■ Task details
Retype the data exactly, from its first line to the line containing "E’ l’8 giugno", including both, and skip any picture.

[Records from a data source]

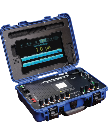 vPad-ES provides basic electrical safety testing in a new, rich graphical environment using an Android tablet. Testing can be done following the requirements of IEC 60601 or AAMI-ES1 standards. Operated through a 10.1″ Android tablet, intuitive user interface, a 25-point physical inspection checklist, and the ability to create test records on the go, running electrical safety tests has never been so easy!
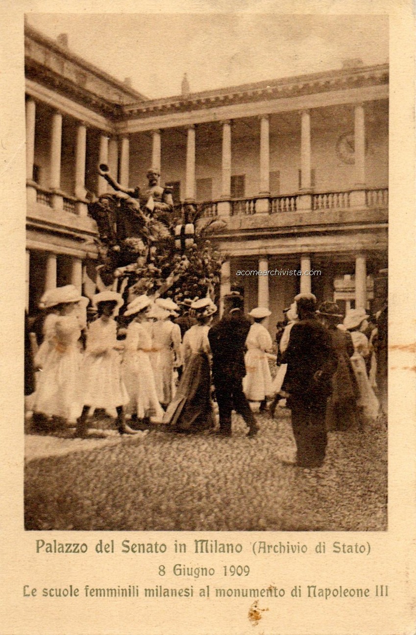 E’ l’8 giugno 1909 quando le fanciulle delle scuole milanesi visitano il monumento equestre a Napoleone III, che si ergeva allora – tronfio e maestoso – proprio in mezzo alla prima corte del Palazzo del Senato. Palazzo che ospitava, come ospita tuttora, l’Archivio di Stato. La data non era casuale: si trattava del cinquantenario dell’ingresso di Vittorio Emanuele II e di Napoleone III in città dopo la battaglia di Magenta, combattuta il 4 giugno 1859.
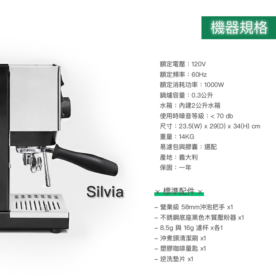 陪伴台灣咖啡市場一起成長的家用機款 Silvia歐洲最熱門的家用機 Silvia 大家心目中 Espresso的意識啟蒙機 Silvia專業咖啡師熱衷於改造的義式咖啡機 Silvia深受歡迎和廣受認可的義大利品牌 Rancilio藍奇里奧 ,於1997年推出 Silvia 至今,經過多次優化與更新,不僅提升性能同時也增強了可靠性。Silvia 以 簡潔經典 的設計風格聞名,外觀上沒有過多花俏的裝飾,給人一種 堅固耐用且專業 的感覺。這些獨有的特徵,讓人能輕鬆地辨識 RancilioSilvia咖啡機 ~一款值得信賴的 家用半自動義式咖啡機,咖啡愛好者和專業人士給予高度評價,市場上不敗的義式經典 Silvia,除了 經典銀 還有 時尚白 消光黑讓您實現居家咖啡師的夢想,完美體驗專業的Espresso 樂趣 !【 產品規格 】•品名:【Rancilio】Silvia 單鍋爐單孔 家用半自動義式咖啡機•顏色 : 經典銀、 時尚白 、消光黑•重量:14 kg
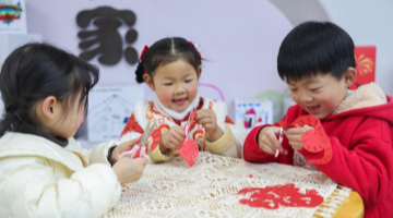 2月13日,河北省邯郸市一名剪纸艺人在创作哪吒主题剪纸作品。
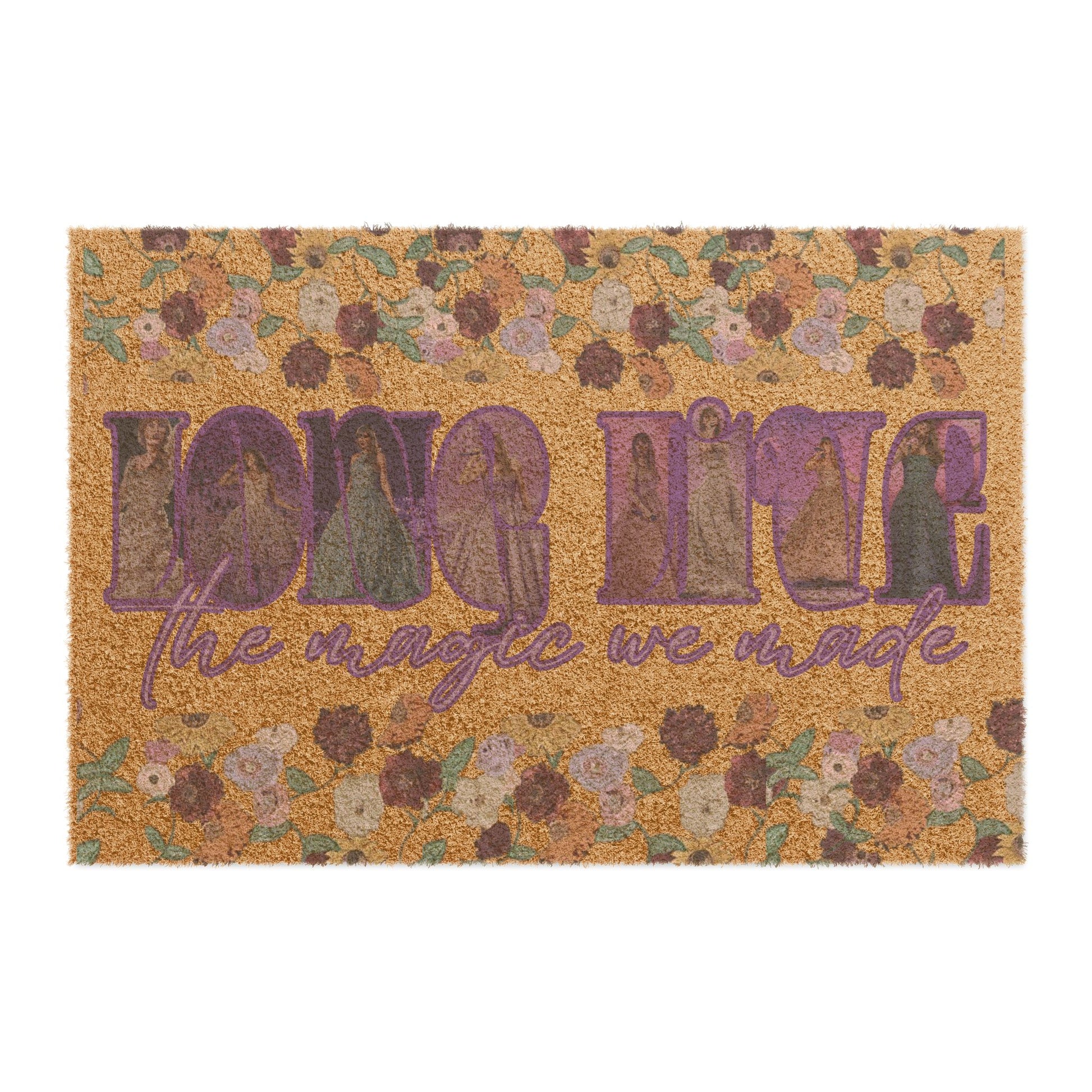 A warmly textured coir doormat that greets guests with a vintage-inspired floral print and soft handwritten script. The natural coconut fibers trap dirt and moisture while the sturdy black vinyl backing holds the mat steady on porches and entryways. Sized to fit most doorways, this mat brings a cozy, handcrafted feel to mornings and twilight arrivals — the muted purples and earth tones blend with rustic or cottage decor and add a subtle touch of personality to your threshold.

■ Answer box
 vPad-ES provides basic electrical safety testing in a new, rich graphical environment using an Android tablet. Testing can be done following the requirements of IEC 60601 or AAMI-ES1 standards. Operated through a 10.1″ Android tablet, intuitive user interface, a 25-point physical inspection checklist, and the ability to create test records on the go, running electrical safety tests has never been so easy!
 E’ l’8 giugno 1909 quando le fanciulle delle scuole milanesi visitano il monumento equestre a Napoleone III, che si ergeva allora – tronfio e maestoso – proprio in mezzo alla prima corte del Palazzo del Senato. Palazzo che ospitava, come ospita tuttora, l’Archivio di Stato. La data non era casuale: si trattava del cinquantenario dell’ingresso di Vittorio Emanuele II e di Napoleone III in città dopo la battaglia di Magenta, combattuta il 4 giugno 1859.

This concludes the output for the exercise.